Take exactly as prescribed; do not increase dose or frequency without consulting your doctor.,Avoid alcohol while taking this medication due to risk of liver damage and increased sedation.,Do not take other medications containing acetaminophen (Tylenol, many cold/flu products) to avoid exceeding the maximum daily dose (4 grams).,This medication may cause drowsiness or dizziness; do not drive or operate machinery until you know how it affects you.,Store securely out of reach of children and dispose of unused medication properly (take-back programs preferred).,Do not crush or chew extended-release formulations (if applicable).,Report signs of liver injury (yellowing skin/eyes, dark urine, abdominal pain) or respiratory depression (slow/shallow breathing) immediately.
No interactions on record
No interactions on record
Explore head-to-head clinical comparisons of other medications in the same therapeutic classes.
Common clinical questions about ROXICET vs CO-GESIC, answered by our medical review team.
ROXICET is a Opioid Analgesic Combination that works by Roxicet is a combination of oxycodone, a full mu-opioid receptor agonist, and acetaminophen, which inhibits cyclooxygenase (COX) enzymes, primarily in the central nervous system, to reduce pain perception and fever.. CO-GESIC is a Opioid Analgesic Combination that works by CO-GESIC (hydrocodone/acetaminophen) is a combination analgesic. Hydrocodone is an opioid agonist that binds to mu-opioid receptors in the CNS, inhibiting ascending pain pathways and altering pain perception. Acetaminophen inhibits cyclooxygenase (COX) enzymes in the CNS, reducing prostaglandin synthesis and elevating pain threshold.. They differ in pharmacokinetic profiles, FDA-approved indications, and side effect profiles.
Potency comparisons between ROXICET and CO-GESIC depend on the specific clinical indication. These are both Opioid Analgesic Combination agents and are not directly interchangeable by dose. A physician or clinical pharmacist should guide any therapeutic switching decisions.
The standard adult dose of ROXICET is: 1-2 tablets (oxycodone 5-10 mg/acetaminophen 325-650 mg) orally every 4-6 hours as needed for pain; maximum acetaminophen 4000 mg/day (3000 mg/day in high-risk patients).. The standard adult dose of CO-GESIC is: 1-2 tablets (hydrocodone 5 mg/acetaminophen 500 mg per tablet) orally every 4-6 hours as needed for pain, maximum 8 tablets per day.. Dosing should always be individualized based on indication, renal and hepatic function, age, and other patient factors.

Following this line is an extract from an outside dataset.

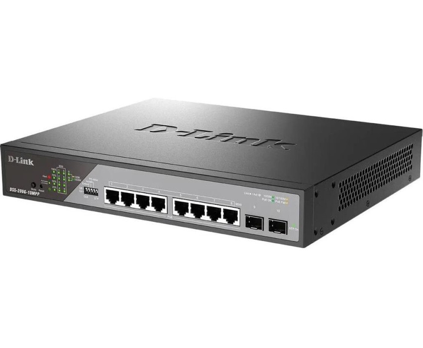 Коммутатор D-LINK Коммутатор DSS-200G-10MPP/A1A (L2) 8x1Гбит/с 2SFP 8PoE++ 242W настраиваемый

No direct drug-drug interaction has been formally documented between ROXICET and CO-GESIC in current clinical databases. However, individual patient risk factors including other medications, organ function, and comorbidities should always be evaluated by a qualified healthcare provider.
The maternal-fetal safety profiles differ. ROXICET is classified as Category C. Pregnancy Category D (FDA). First trimester: Risk of neural tube defects and congenital anomalies with chronic use; no adequate studies. Second trimester: Continued risk of fetal d. CO-GESIC is classified as Category C. First trimester: No adequate studies; risk cannot be ruled out. Second and third trimesters: Avoid prolonged use or high doses near term due to potential premature closure of ductu. Always consult a maternal-fetal medicine specialist before taking either drug during pregnancy or lactation.